The group is killed on any of:

- A bounded run hitting `:timeout_ms`.
- An early halt of a `Forcola.Stream.lines/2` stream.
- Termination of a `Forcola.Daemon` GenServer, including supervisor shutdown
  and owner crash.
- A `Forcola.Duplex.close/1` call, or death of the session's owner.
- BEAM death, including `kill -9` of the VM.

## Mandatory timeout on bounded runs

`Forcola.run/2` and `Forcola.Stream.lines/2` require `:timeout_ms`. There is no
default and no way to opt out: a bounded run without a bound is the leak this
library exists to close. On expiry the group is killed and the caller receives
`{:error, {:timeout, partial_result}}` (or, for a stream, a raised
`Forcola.Stream.Error`) carrying output captured so far.

`:timeout_ms` bounds the whole run, not the gap between lines. An idle-timeout
option for `Forcola.Stream.lines/2` is tracked in
[#33](https://github.com/joshrotenberg/forcola/issues/33).

`Forcola.Daemon` and `Forcola.Duplex` take no `:timeout_ms`; passing one raises
`ArgumentError`. Their bound is the supervisor and the owner process
respectively.

## BEAM death as stdin EOF

The shim is a port program, a separate OS process, not a NIF. The BEAM holds
the write end of the shim's stdin pipe. When the BEAM dies, that pipe closes,
and the shim reads EOF on stdin. The shim treats stdin EOF as the signal to
kill the group and exit.

This path does not depend on the BEAM running any cleanup code, so it covers
`kill -9` of the VM, where no `terminate/2` callback or `after` block would
run. It also covers a `Forcola.Stream`, `Forcola.Daemon`, or `Forcola.Duplex`
process being killed brutally: the port closes, the shim sees EOF, and the
group dies.

## Group death confirmed before the call returns

The shim confirms the group is dead before it reports back. Concretely: after
the kill sequence, the shim waits for the group to be reaped, then sends its
EXIT frame. The Elixir side blocks on that frame. So when a bounded run returns
a timeout, when an early stream halt returns, when a daemon's `terminate/2`
finishes, or when `Forcola.Duplex.close/1` returns, the group is already dead.
`{:error, :timeout}` means the process is gone, not that it may still be
running.

### The backstop exception

The confirmation guarantee has one exception. The Elixir side arms a backstop
deadline (`timeout_ms + kill_grace_ms` plus a margin) in case the shim never
reports back at all, for example if the shim is wedged or the BEAM-to-shim pipe
is stuck. If that deadline fires first, the result's status is
`{:signal, :unconfirmed}`: death was requested but not confirmed. Closing the
port is the remaining kill lever (the shim treats stdin EOF as BEAM death).

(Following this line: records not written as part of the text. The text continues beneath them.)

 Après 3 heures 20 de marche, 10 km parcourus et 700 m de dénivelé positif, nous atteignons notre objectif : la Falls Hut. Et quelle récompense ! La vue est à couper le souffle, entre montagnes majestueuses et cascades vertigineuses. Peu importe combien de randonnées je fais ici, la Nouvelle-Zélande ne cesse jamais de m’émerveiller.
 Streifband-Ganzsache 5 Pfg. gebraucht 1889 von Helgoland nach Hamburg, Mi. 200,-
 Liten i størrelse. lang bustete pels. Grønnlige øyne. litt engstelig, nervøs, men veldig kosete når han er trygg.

`{:signal, :unconfirmed}` also appears when the shim exits without sending an
EXIT or ERROR frame (for example it crashed, or was itself SIGKILLed). A
SIGKILLed shim gets no chance to kill the group, so the child may survive,
reparented to pid 1. Treat `{:signal, :unconfirmed}` as leaked and investigate;
see `Forcola.Result`.

## What group kill cannot reach

A process-group escape audit
([#9](https://github.com/joshrotenberg/forcola/issues/9)) tested the target CLI
set on macOS: agent CLIs with stdio MCP servers, git with hooks and the
fsmonitor daemon, make, cargo, npm, aws, gcloud, ffmpeg, redis-server in
foreground mode, and shell constructs like `nohup` and `disown`. The method was
to snapshot the process tree during a live run and flag any descendant whose
`pgid` differs from the CLI's. All of them keep their entire tree in the
child's process group and die to the group kill.

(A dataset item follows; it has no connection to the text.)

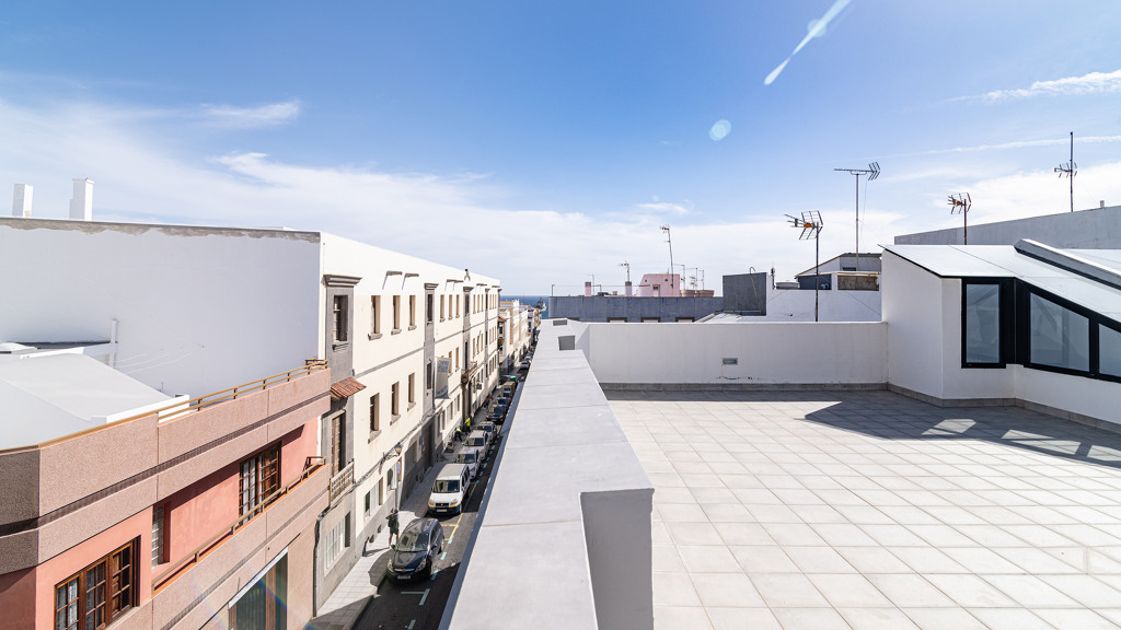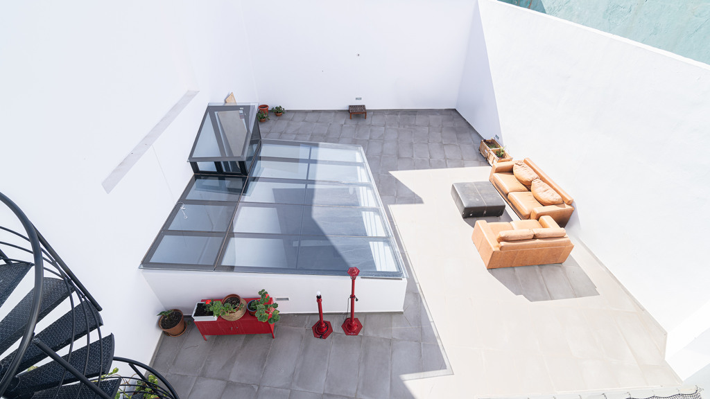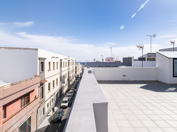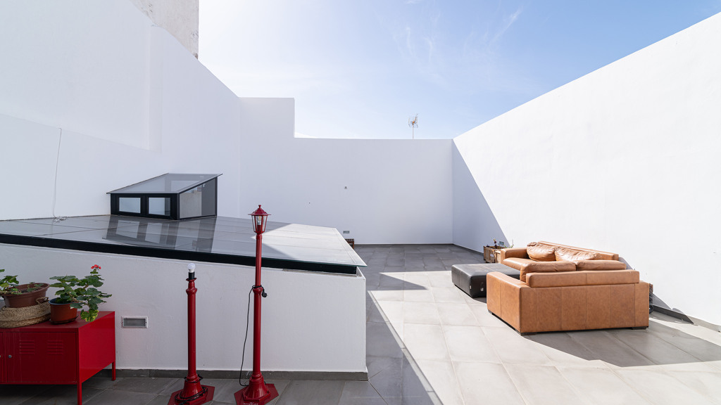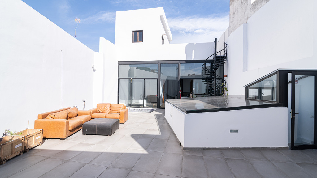 On the first floor awaits an impressive 160m with three bedrooms, two bathrooms, a toilet, a spacious living room, a fully equipped modern kitchen and a patio of 80 square meters, where you can enjoy moments of relaxation with total privacy. The high quality materials used in the construction and the designer finishes make this floor a really special place. A Canarian balcony in the living room adds to the traditional charm of the house.

The escapes fall into three classes, and no client-side mechanism closes them:

### Deliberate daemonizers

A child that deliberately daemonizes, by double-forking plus `setsid` or via a
flag like `redis-server --daemonize yes`, leaves the process group and survives
the kill. It has explicitly asked to outlive its parent.

Run servers in foreground mode under `Forcola.Daemon`. Foreground operation is
the same contract every process supervisor (systemd, runit, foreman) imposes:
the supervisor owns the process lifecycle, so the process must not fork away
from it.

### Client/daemon control channels

Client/daemon CLIs such as docker: the CLI is only a control channel. The
container or build runs under the docker daemon, not under the CLI. Killing the
client never stops that work, and no client-side mechanism, process group or
cgroup, can, because the work was never a descendant of the client. Use the
tool's own teardown semantics (`docker run --rm`, `docker kill`) on top of
Forcola.

### Scheduler-owned work

Work handed to system schedulers (`git maintenance` background jobs, launchd or
systemd timers) was never a child of the CLI at all. The CLI registered a job
with the scheduler and returned; the scheduler runs it later, independently.
This is out of scope for any process-based mechanism.

## Platform residual

On Linux, an opt-in cgroup v2 layer
([#15](https://github.com/joshrotenberg/forcola/issues/15)) could contain
deliberate daemonizers by placing the whole subtree in a cgroup and killing the
cgroup rather than the process group. On macOS nothing can contain a deliberate
daemonizer, which is equally true of erlexec and MuonTrap. Windows support is
tracked separately in
[#34](https://github.com/joshrotenberg/forcola/issues/34).